Several years after the first coffee shops and cafes started installing wireless networks. more merchants and customers are discovering why they're a good idea -- particularly the free ones -- helping to put customer butts in empty seats.

With as many as 95 percent of laptops shipping with Wi-Fi support, use of Wi-Fi hotspots has, by most reports, been growing quickly. This trend gives many businesses an opportunity to differentiate themselves in the marketplace by offering Wi-Fi service.

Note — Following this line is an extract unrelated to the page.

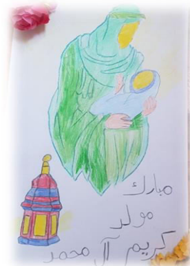
Birth anniversary of Imam Hassan (a.s)

Or, more bluntly, it gives retail businesses like coffee shops and cafes a tool for putting customer butts in empty seats. Some, like Starbucks and Borders have long offered Wi-Fi access -- for a price. But, increasingly, smaller book stores and coffee shops, as well as other venues, are trying to compete by offering free access.

Can this strategy work for these smaller businesses? And is the "free-is-better" approach hurting places like Starbucks? More than three years after some retailers started offering Wi-Fi access, some answers are starting to emerge.

Putting Butts In Seats

Starbucks is, perhaps, the highest-visibility retailer offering Wi-Fi service. It started its fee-based Wi-Fi service in August, 2002 and, today, the service is available in more than 4300 stores.

According to Starbucks spokesman Nick Davis, the coffee chain began offering Wi-Fi because they were hearing from customers that they wanted to stay connected while away from the office.

“We saw a real need for Internet connectivity. By offering Wi-Fi, it allowed us to meet [our customer’s] needs and enhance the experience at our coffee houses,” Davis said.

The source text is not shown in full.